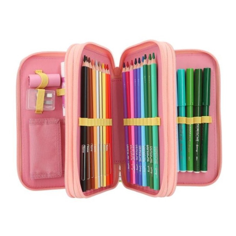 S tri odvojena pretinca, svaki je ispunjen bogatim izborom kreativnog pribora: 18 bojanki i flomastera vrhunske kvalitete, dvije pouzdane olovke, šiljilo, gumica, ravnalo, škare, ljepilo i praktična mala vrećica na čičak. Sve što je potrebno za pretvaranje ideja u umjetnost nalazi se na dohvat ruke!
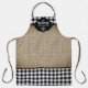 Un diseño bonito, atemporal y clásico de burlap y de control de búfalos en blanco y negro con color de coordinación en las correas y cuello. Un diseño divertido con su personalización y siluetas blancas de utensilios básicos de cocina.
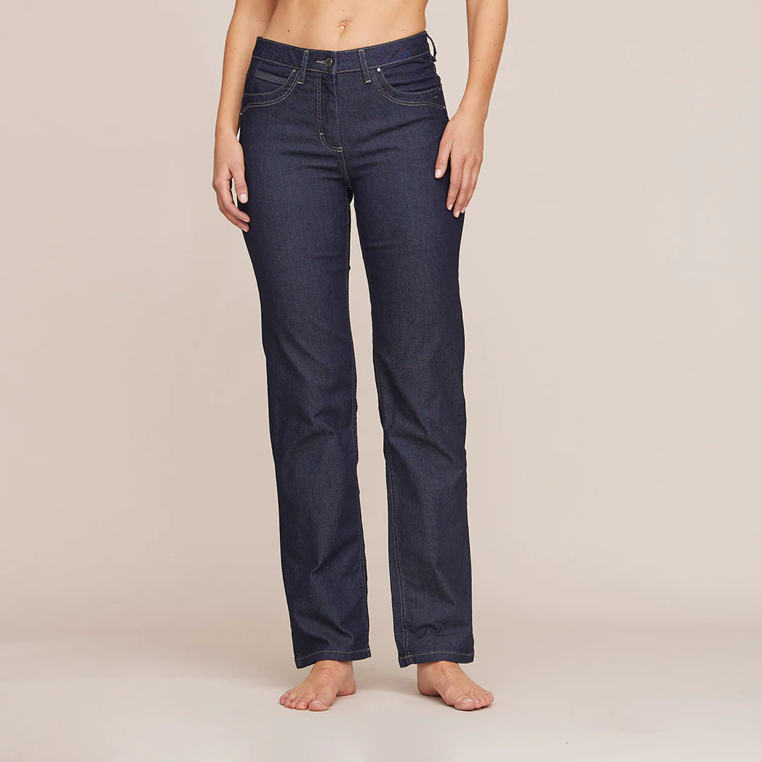 Pasformen Straight sidder til i taljen og har næsten samme vidde fra lår til ankel.
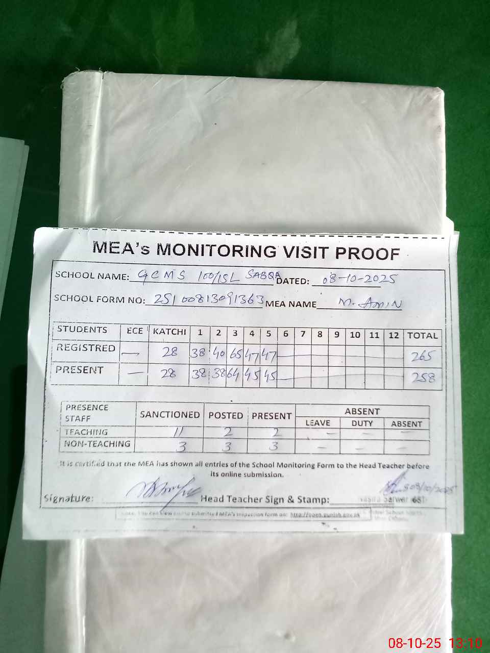 | EMIS Code: 36430296 | Name of School: GCMS 100/15-L SABQA, MIAN CHANNU | |||
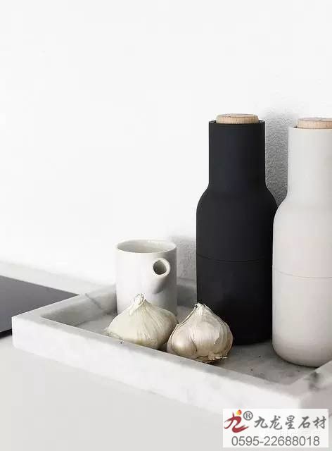↑大理石紋的托盤(pán)可以有一個(gè)。整齊的擺放上必備調(diào)料瓶,兼具收納功能哦。
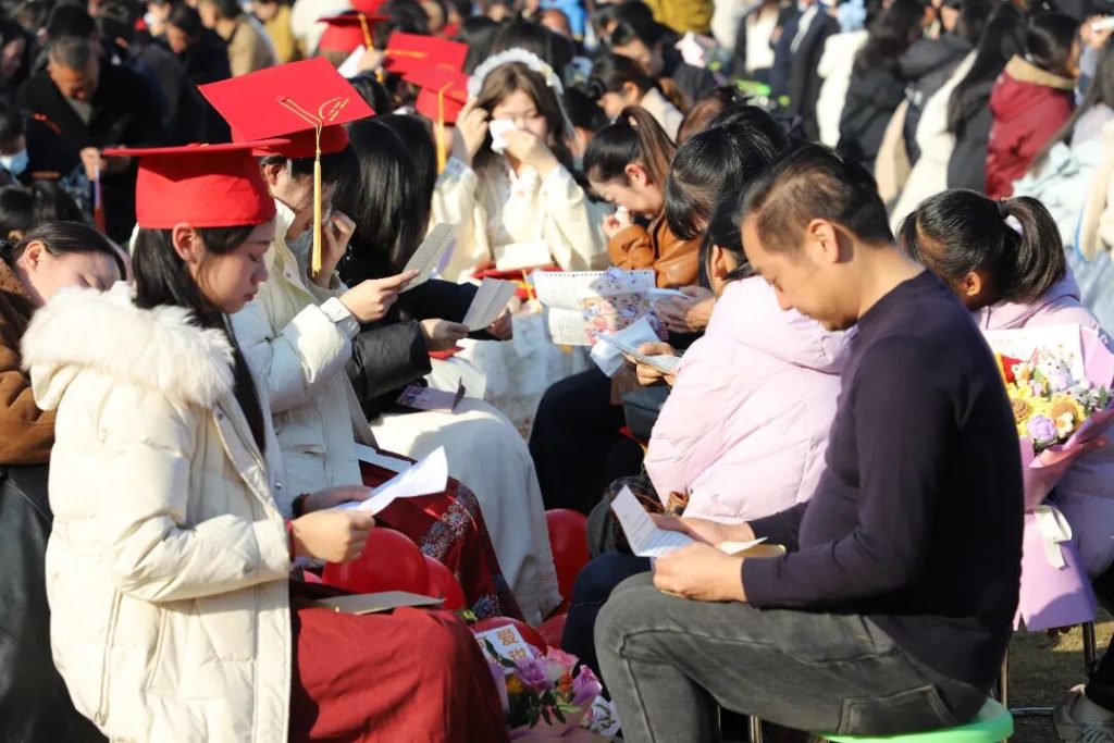 ~ 最动人的环节莫过于行冠礼及笄礼与互赠家书。全体家长亲手为自己的孩子戴上成人帽,动作轻柔却饱含深意,这顶小小的帽子,承载着父母对孩子的祝福与期盼,也标志着少年们正式迈入成年的行列。
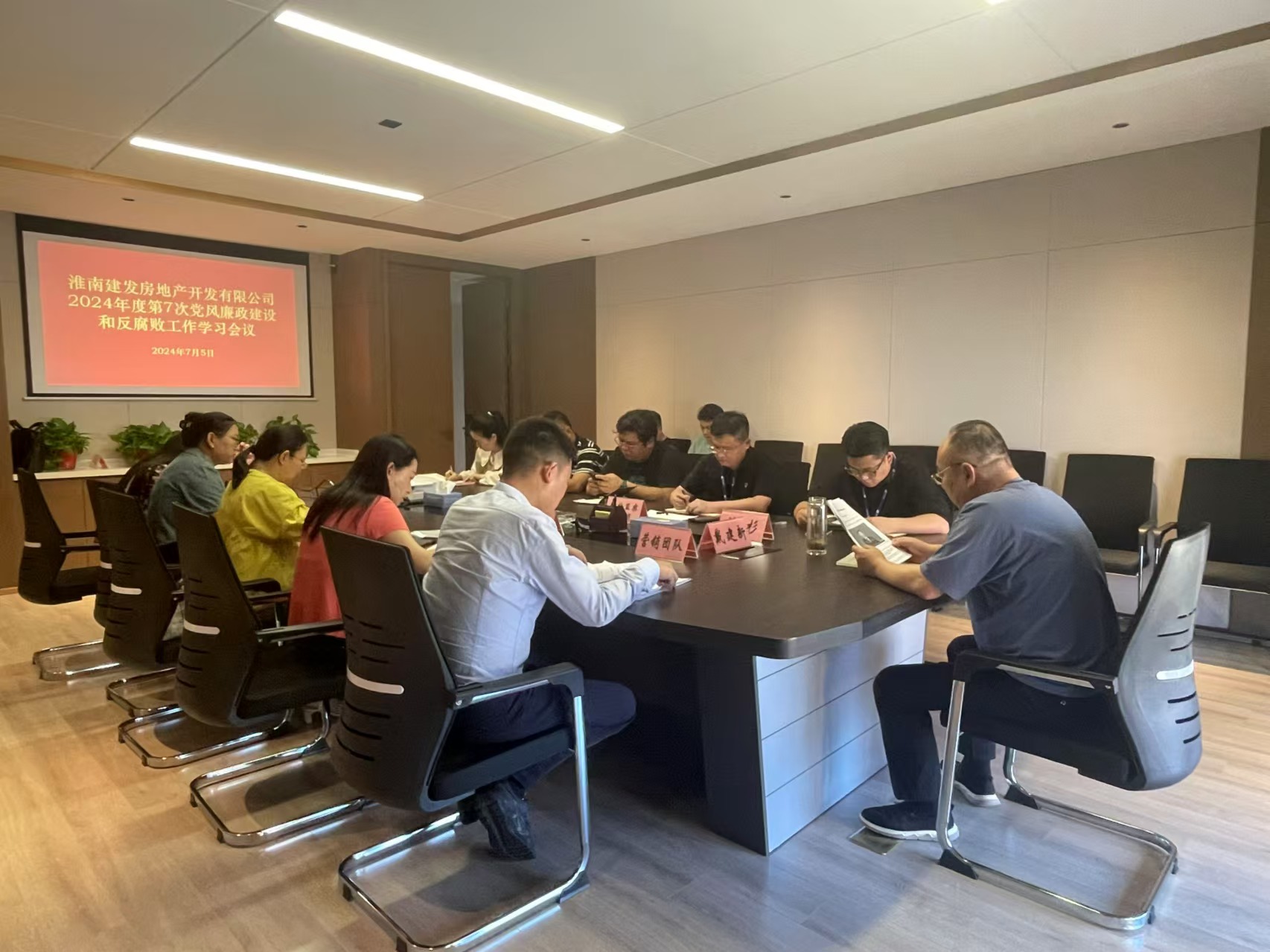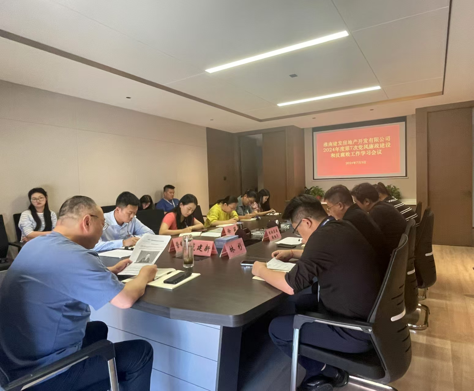 7月5日下午,淮南建發(fā)房地產(chǎn)開(kāi)發(fā)有限公司在如意庭營(yíng)銷(xiāo)中心2樓會(huì)議室召開(kāi)2024年度第7次黨風(fēng)廉政建設(shè)和反腐敗工作學(xué)習(xí)會(huì)議,項(xiàng)目總經(jīng)理戴建新主持,公司全體員工參加會(huì)議。

· · · · · · ·

__What you should do__. Repeat every record above exactly. The pictures do not belong in the copy.

__Result below__.
 S tri odvojena pretinca, svaki je ispunjen bogatim izborom kreativnog pribora: 18 bojanki i flomastera vrhunske kvalitete, dvije pouzdane olovke, šiljilo, gumica, ravnalo, škare, ljepilo i praktična mala vrećica na čičak. Sve što je potrebno za pretvaranje ideja u umjetnost nalazi se na dohvat ruke!
 Un diseño bonito, atemporal y clásico de burlap y de control de búfalos en blanco y negro con color de coordinación en las correas y cuello. Un diseño divertido con su personalización y siluetas blancas de utensilios básicos de cocina.
 Pasformen Straight sidder til i taljen og har næsten samme vidde fra lår til ankel.
 | EMIS Code: 36430296 | Name of School: GCMS 100/15-L SABQA, MIAN CHANNU | |||
↑大理石紋的托盤(pán)可以有一個(gè)。整齊的擺放上必備調(diào)料瓶,兼具收納功能哦。
 ~ 最动人的环节莫过于行冠礼及笄礼与互赠家书。全体家长亲手为自己的孩子戴上成人帽,动作轻柔却饱含深意,这顶小小的帽子,承载着父母对孩子的祝福与期盼,也标志着少年们正式迈入成年的行列。
 7月5日下午,淮南建發(fā)房地產(chǎn)開(kāi)發(fā)有限公司在如意庭營(yíng)銷(xiāo)中心2樓會(huì)議室召開(kāi)2024年度第7次黨風(fēng)廉政建設(shè)和反腐敗工作學(xué)習(xí)會(huì)議,項(xiàng)目總經(jīng)理戴建新主持,公司全體員工參加會(huì)議。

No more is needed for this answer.